Beer Down, Arizona. This was a surprisingly low-key talk, most likely because it was in the middle of the afternoon of the second day of the Festival, and I think most folks were getting a little tired. Still, there was talk and reminiscences of the history of brewing in Arizona, from the 1800’s and pretty crappy local beer served warm, to the rise and fall of A-1, to the introduction of import beers by Peace Corps and European-travelin’ college stuedents in the 1970s, to the modern rise of many excellent micro- and nano-breweries throughout Arizona. Oh, and the glorious short time when the drinking age in Arizona was lowered to 19, before the Feds threatened to pull state highway funds if it weren’t raised to 21. One panelist (Terrry Owen, who might be better known as Fish Karma) read passages from the diary of a pre-1900 saloon-keeper in Tucson, George Hand, much of which centered on “getting tight/full/drunk” on a daily basis — good times, good times.

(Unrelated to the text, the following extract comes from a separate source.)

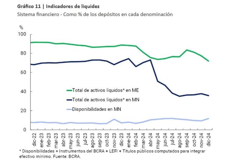 A lo largo de 2024 la liquidez amplia del sistema financiero en pesos representó el 35,9% de los depósitos en pesos al cierre del año, lo que implica una reducción de 2 p.p. respecto del registro de noviembre y prácticamente a la mitad del nivel de diciembre de 2023.

Better times was Bruce and I both winning gift certificates to The Shanty! (To any folks who remember The Shanty from eons ago, yes, it’s still here.)
That’s it…we couldn’t quite find a final session to attend (the Culinary Pavilion was featuring Andrew Weil, so getting there at 4 was a Lost Cause). So we just toddled around and were astounded that all the kids’ activities in Science City were still going gangbusters, and discovered some current work by the UA Mycology Club that strongly suggests mesquite beans are a great growing matrix for oyster mushrooms. Huh! So much to see and do! So tired!
And thus this year’s Festival ends, but not before next year’s is already scheduled, 14-15 March 2015. And if you ever doubted the diversity of wildlife in the Sonoran Desert, next year’s Festival (the seventh) will finally feature a Mammal (WOOT!) as its mascot — and what else but a bobcat Wildcat?